Bloomberg Law
July 16, 2020, 9:28 PM

Federal Court Declines to Force Mine Agency to Create Virus Rule

Fatima Hussein
Fatima Hussein
Legal Reporter

The U.S. Court of Appeals for the District of Columbia Circuit declined to force the nation’s mine safety regulator to create an emergency temporary standard to protect mine workers from Covid-19.

In a Thursday order, U.S. Circuit judges David S. Tatel, Thomas B. Griffith, and Patricia A. Millett, said “MSHA has assured the court that it views its existing standards as imposing COVID-related duties on mine operators and that it is issuing citations with respect to COVID-related violations.”

The latest development follows the D.C. Circuit’s rejection of the AFL-CIO labor federation’s request to compel the Occupational Safety and Health Administration to issue an emergency temporary standard to protect workers from the novel coronavirus.

The United Mine Workers of America International Union and the United Steel, Paper and Forestry, Rubber, Manufacturing, Energy, Allied Industrial and Service Workers jointly filed a petition June 16 seeking a court order forcing the Mine Safety and Health Administration to create an emergency standard.

MSHA immediately rejected the calls for a new standard and, in a June filing, said that asking the agency to issue an emergency standard “would not guarantee an effective response to COVID-19, and in fact could have the opposite effect.”
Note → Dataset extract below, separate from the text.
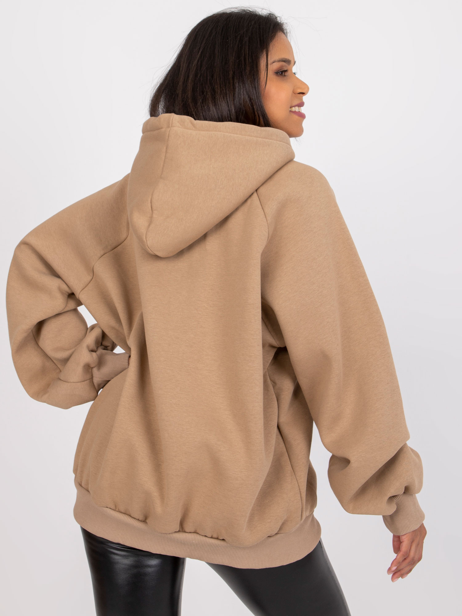 Wymiary bluzki w rozmiarze one size mierzone na płasko: szerokość pod pachami – 70 cm, długość całkowita (przód) – 69 cm, długość całkowita (tył) – 75 cm .

There are so many differences among mines—such as size, geologies, and mining methods—and among infectious diseases, that a broad emergency temporary standard would be ineffective, the agency said in response to the union’s petition. “MSHA has decades of experience regulating mines, and it knows its needs for executing its mission. An ETS for COVID-19 is not one of them.”

A representative from MSHA didn’t immediately respond to a request for comment. Representatives from the unions weren’t immediately available.

The case is In re: United Mine Workers of America, et al, D.C. Cir., No. 20-01215, 7/16/20.